Neville laughed feebly at his unintended funny, but really this was no laughter matter. Taking out the tape measure, which now never left his person, he stretched it about his waist. All seemed the same. Possibly it was simply a figment of his imagination. Possibly he was going mad. The thought was never far from his mind nowadays. Neville shuddered. He would just have to pull himself together.

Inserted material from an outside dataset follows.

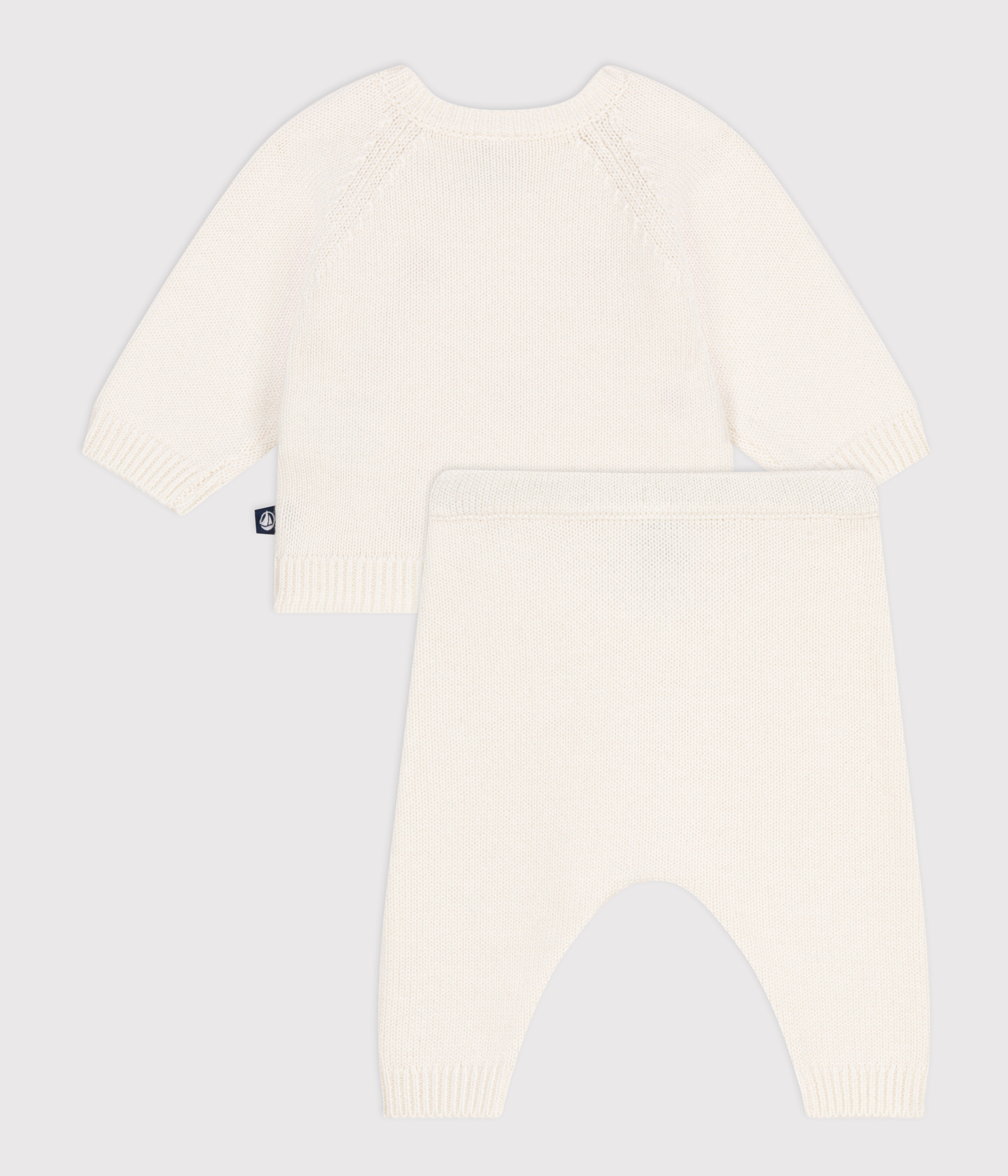 Babies' two-piece knitted outfit with embroidered hearts

Sighing deeply, he shuffled away to the bedroom to dress. Flinging off his silken dressing-gown he took up the rogue trousers from where they hung in their creases over the chair and yanked them up his legs. With difficulty he buttoned himself into respectability. They were definitely too tight for comfort, there was no point in denying it. Neville stooped for his socks but stopped in horror. The blood drained from his face and his good eye started from its socket; a nasty blue tinge crept about the barman’s lips. It was worse than he feared, far worse. His trouser bottoms were swinging about his ankles like flags at half-mast. He wasn’t only getting fatter, he was growing taller! Neville slumped back on to his bed, his face a grey mask of despair. It was impossible. Certainly folk could put on weight pretty rapidly, but to suddenly spring up by a good inch and a half overnight? That was downright impossible, wasn’t it?
Pooley and Omally strolled over the St Mary’s Allotments en route to John’s hut and the cup that cheers. Jim tapped his racing paper upon his leg and sought inspiration from the old enamel advertising signs along the way which served here and there as plot dividers. None was immediately forthcoming. The two threaded their way between the ranks of bean poles and waxed netting, the corrugated shanties, and zinc watertanks. They walked in single file along a narrow track through a farrowed field of broccoli and one of early flowering sprouts, finally arriving at the wicket fence and pleasant ivy-hung trelliswork that stood before Omally’s private plot. John parked his bicycle in its favourite place, took up his daily pinta, turned several keys in as many weighty locks, and within a few short minutes the two men lazed upon a pair of commandeered railway carriage seats, watching the kettle taking up the bubble on the Primus.
“There is a king’s ransom, I do hear, to be had out of the antique trade at present,” said John matter-of-factly.